As we have sorted out that the week begins with Monday and there is the mad scramble in the office for recognition that there is a slog that must be gotten through, it is only on Tuesdays that we get productive. We hold our important meetings, we discuss our important budgets, and decide our important things.
On Tuesdays we all drink too much coffee, we reach for it one time too many, and remain jittery and anxious through the evenings, even as we sit across from each other with too much wine for a weekday and eat too much food and fling ourselves far too hard at the objects of affection.
If there is a definition for Tuesday it is “too much” – always too much, too hard, too high, too much, too much, too much.
If there were a camel, he would be braying “hump day.” But we are not camels and despite the aptly named hump day (for it is the middle, from the slow start of Monday, the rising too much of Tuesdays, and now we sit at the apex of the modern work week), very little actually gets done.
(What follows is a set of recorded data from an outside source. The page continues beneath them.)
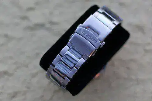 La pulsera es para mi lo peor del reloj, no por la calidad que es muy correcta sino por la decoración. Es de eslabones de acero estampado y hueco, bien acabada, con el cierre típico de los divers excepto que no tiene extensión para neopreno, cierre de seguridad y el acabado es en acero mate por los lados y en el centro acero pulido muy brillante al estilo americano tan dados ellos al cromado.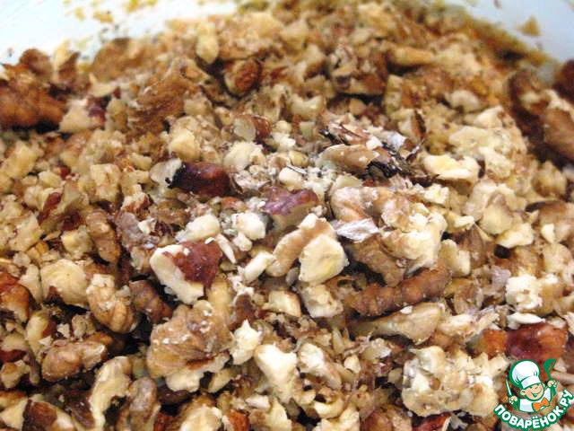Грецкие орехи положить в пакет и измельчить с помощью скалки.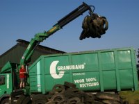 26-07-2012 - De bandeninzameling in het kader van LTO Commerce zorgt voor veel werk bij bandenverwerker Granuband in Amsterdam, die de banden ophaalt en verwerkt.
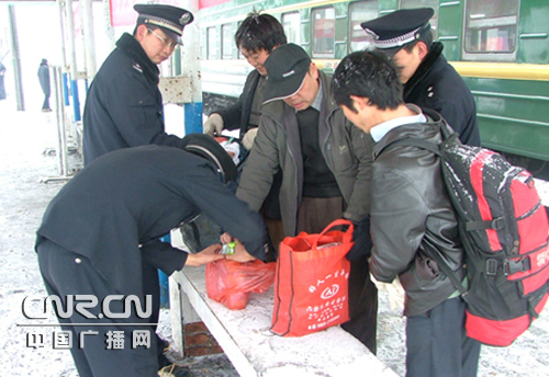 中廣網(wǎng)昆明1月31日消息(記者賈宜超 通訊員李鳴放 王正東)今年的大雪和凍雨天氣,給地處貴州六盤水市境內(nèi)的昆明鐵路公安局水柏車站派出所和紅果車站派出所轄區(qū)內(nèi)運輸生產(chǎn)帶來了安全隱患。為確保管內(nèi)線路安全暢通,昆明鐵路公安處黨委派出主管治安的副處長為“水紅線”包保干部,率領(lǐng)從處機關(guān)各科、室緊急抽調(diào)出來的19名干警于2月29日趕赴“水紅線”,與水柏車站派出所和紅果車站派出所民警緊密配合。 |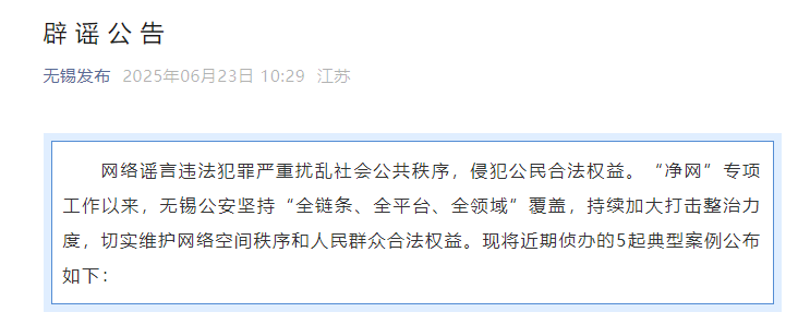 2025年3月,占某某为博取关注、吸引眼球,在网上编造“无锡马拉松野鸳鸯”男主为某公司高管的谣言信息。钱某为泄私愤,在网上编造“无锡马拉松野鸳鸯”女主为我市一居民的谣言信息。上述谣言在网上大量传播,扰乱公共秩序,造成不良社会影响。占某某、钱某已被公安机关行政处罚。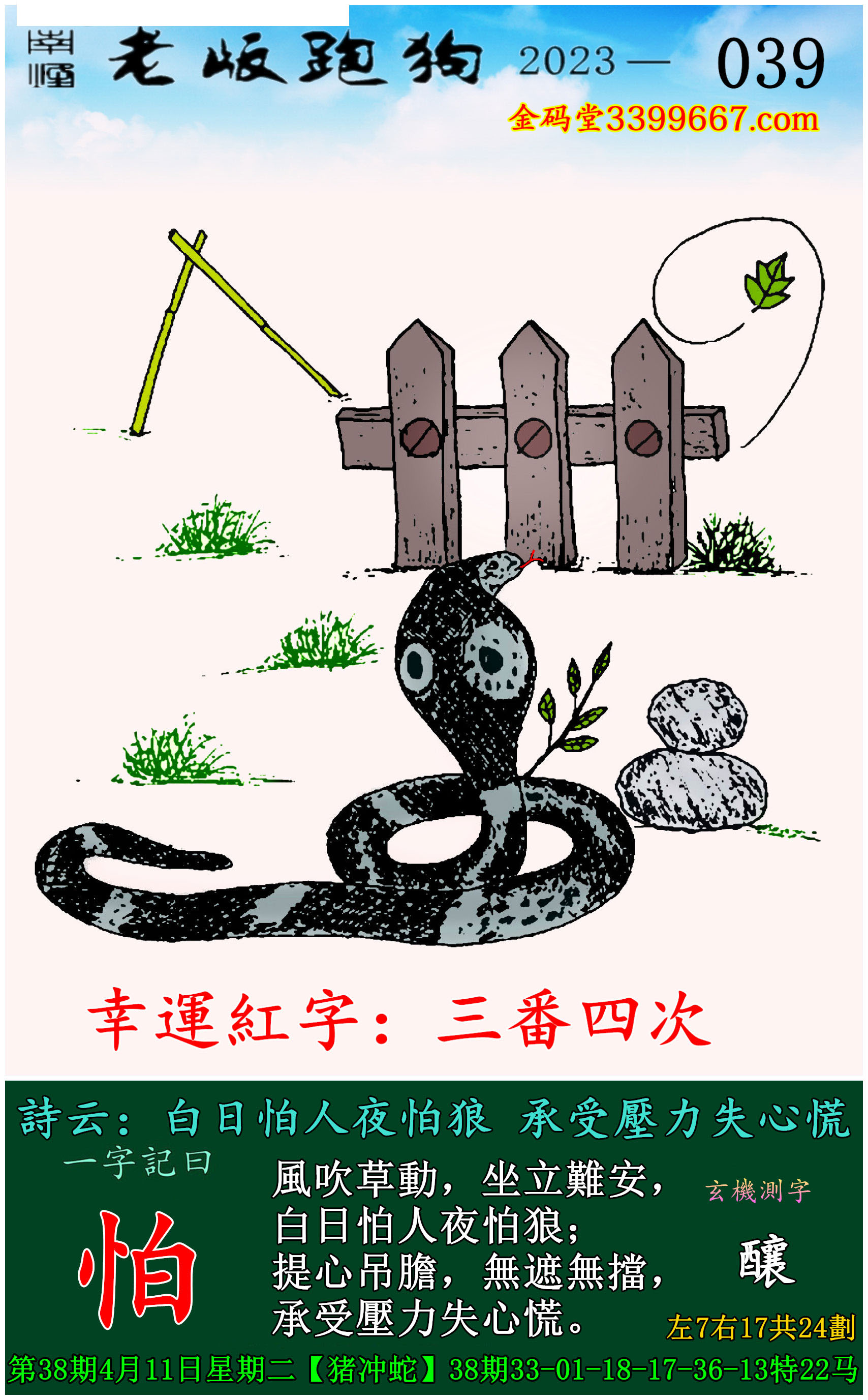 主题 : 039期老版跑狗一字記之曰:【怕】玄機測字:《釀》

On Wednesdays, too tired from our upper/downer combinations, we debate the decisions of Tuesdays, reverse them, dither too long at the water cooler, and only in frantic desperation to make arbitrarily assigned “numbers” does the afternoon turn into a madcap volley of rush-rush-rush-get it done that rarely ever completes and never, ever matters.
Wednesdays suck. And nobody is humping by the end of them.
If it’s not thirsty, it’s not a Thursday, and that means if you are working late, you had better be headed to the bar after, and if you’re not working late, then you had better be in the bar for happy hour. I find Thursday the most amusing day of the office, the pretensions towards Protestant work ethic with the underlying seething towards Sodom and Gomorrhic debauchery. There is no place more ripped with conflicted tension than the standard, corporate office in a standard, high-class US city on a Thursday afternoon.
Bosses eye far-too young interns and first-years with barely hidden delight; admins plot mayhem via instant message; surprisingly, everyone always has their birthday on a Thursday!; and those who are in the know but not of it turn up their noses with the disdain of the desperately wanting but too starched to be included.
Bartenders ready their stock. They take their shipments, check off that everything is topped off, and gird their loins: the workers are coming and they will be thirsty, thirsty, thirsty sailors given a shore pass for only eight hours.
Why does anyone even show up? The bathrooms are clogged with the alcohol shits. The closets are a disarray of unlaundered jackets and hastily discarded heels. The chairs slowly rotate in recognition of hard hangovers and the air is dank with grime, sweat, and sticky-sweet toothpaste that can’t mask mouth-caught bile.
Oh. And there is work to be done. The repeat of Wednesday but with far less enthusiasm and far more understanding that the numbers won’t be met, the metrics won’t be captured, and everyone will leave at a reasonably late enough hour not to inspire the wrath from up high, but reasonably early enough that they can get home, nap, and enter into the weekend’s forgetful debauchery in hopes of pretending that they will not be doing this again come Monday.
And is that not the truth of Friday? That it is finally all over and we all must pretend that we don’t come back, that this is it, that we will find our true selves and callings over the weekend, and not be shackled, once again, on Monday to this unhappy life, to this bland desk, to this meaningless existence?
Is that not why we drink? Is that not why we flee? Is that not why we put up with an existence we hate?